**TASK GOAL:**
Print out the data that follows exactly, character for character, apart from the pictures.

--- GIVEN DATA ---

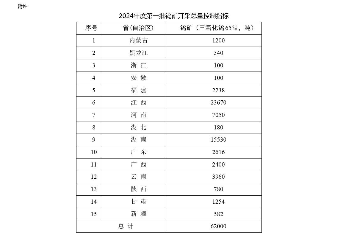 央視網(wǎng)消息:據(jù)自然資源部消息,自然資源部發(fā)布關(guān)于下達2024年度鎢礦開采總量控制指標(第一批)的通知,2024年度第一批鎢礦(三氧化鎢含量65%,下同)開采總量控制指標62000噸。鎢礦開采總量控制指標不再區(qū)分主采指標和綜合利用指標。對采礦許可證登記開采主礦種為其他礦種、共伴生鎢礦的礦山,查明鎢資源量為大中型的,繼續(xù)下達開采總量控制指標,并在分配上予以傾斜。對共伴生鎢資源量為小型的,不再下達開采總量控制指標,由礦山企業(yè)向所在地省級自然資源主管部門報備鎢礦產(chǎn)量。具體如下:
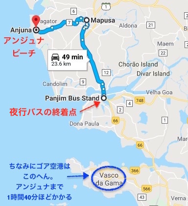 夜行バスの到着地からアンジュナビーチへ
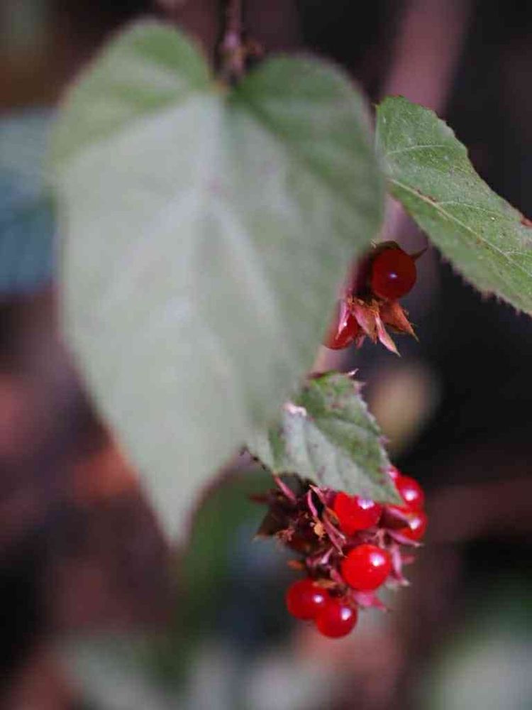 ルビーの様に美しいミヤマフユイチゴの輝く実。
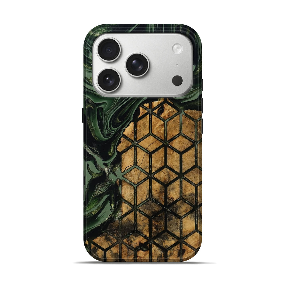 Our Live Edge cases are made from an amazing combination of stabilized wood burl and colored resin. Our stabilization process hardens the wood to protect against cracks and breaks. We do every step of the process at our shop in Northern Indiana. Perfectly fits the iPhone 17 Pro.

---

**RESPONSE AREA:**
 央視網(wǎng)消息:據(jù)自然資源部消息,自然資源部發(fā)布關(guān)于下達2024年度鎢礦開采總量控制指標(第一批)的通知,2024年度第一批鎢礦(三氧化鎢含量65%,下同)開采總量控制指標62000噸。鎢礦開采總量控制指標不再區(qū)分主采指標和綜合利用指標。對采礦許可證登記開采主礦種為其他礦種、共伴生鎢礦的礦山,查明鎢資源量為大中型的,繼續(xù)下達開采總量控制指標,并在分配上予以傾斜。對共伴生鎢資源量為小型的,不再下達開采總量控制指標,由礦山企業(yè)向所在地省級自然資源主管部門報備鎢礦產(chǎn)量。具體如下:
 夜行バスの到着地からアンジュナビーチへ
 ルビーの様に美しいミヤマフユイチゴの輝く実。
 Our Live Edge cases are made from an amazing combination of stabilized wood burl and colored resin. Our stabilization process hardens the wood to protect against cracks and breaks. We do every step of the process at our shop in Northern Indiana. Perfectly fits the iPhone 17 Pro.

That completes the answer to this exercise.